Stellantis and the striking United Auto Workers union have reached a tentative agreement identical to the one agreed earlier this week with Ford, the union announced Saturday, allowing members to return to work at idled factories.
According to a statement issued by the union, the tentative agreement, reached after 44 days of strike action that simultaneously targeted Detroit’s ‘Big Three’ automakers, includes a 25 percent raise in base wages by 2028.
Cost-of-living increases will hike the top wage by 33%, to more than $42 per hour.
Any preliminary agreement with European automaker Stellantis, like the Ford accord, would require UAW members to vote on it.
“But in the meantime, striking Stellantis workers, like those at Ford, will return to work while the agreement goes through the ratification process”, the United Automobile Workers (UAW) said.
The salary rise in the tentative agreement is less than the 40% sought by UAW President Shawn Fain when the union went on strike on September 15 at Ford, General Motors, and Stellantis.

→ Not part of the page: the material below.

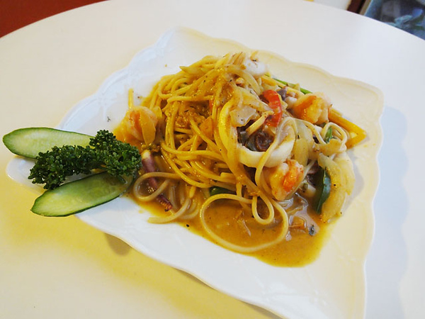 南瓜海鮮義大利麵 (老婆點的,南瓜醬不是我的菜)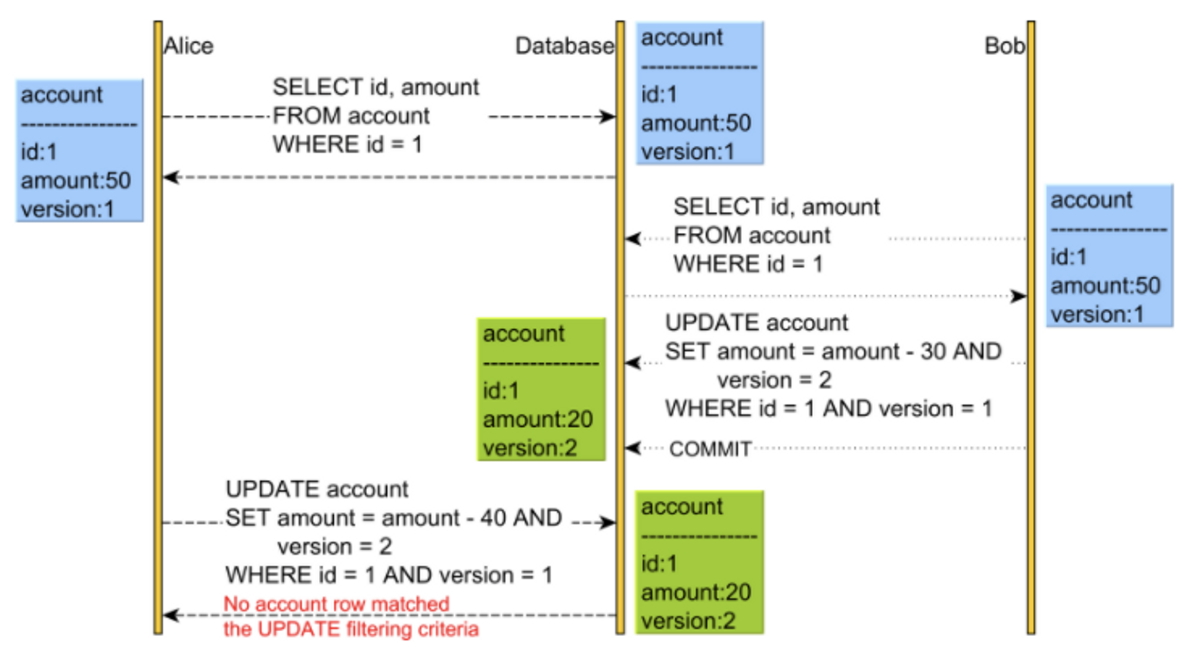 - Bob이 먼저 업데이트 커밋을 보내게 되면서 Version이 2로 올라간다.

However, it is far higher than the 9% rise requested by Ford in August.
President Joe Biden praised the deal.
“I applaud the UAW and Stellantis for coming together after hard-fought, good-faith negotiations to reach a historic agreement that will guarantee workers the pay, benefits, dignity, and respect they deserve”, he said in a statement.
“Once again, we have achieved what just weeks ago we were told was impossible”, Fain remarked.
He went on to say, “We have begun to turn the tide in the war on the American working class”.
Stellantis will add 5,000 jobs over the length of the deal, according to Fain, reversing the job losses the automaker was seeking prior to the negotiations.
Following the tentative agreement reached with Ford on Wednesday, the UAW stated that it will push employees to return to work at the facilities targeted by the strike in order to put pressure on General Motors and Stellantis.
Prior to the Ford deal, more than 45,000 workers went on strike as part of a plan in which the UAW gradually increased the number of factories targeted by stoppages as it sought better conditions.
GM is currently the only automaker without a tentative agreement.
Earlier this week, a strike was called at its workplace in Arlington, Texas.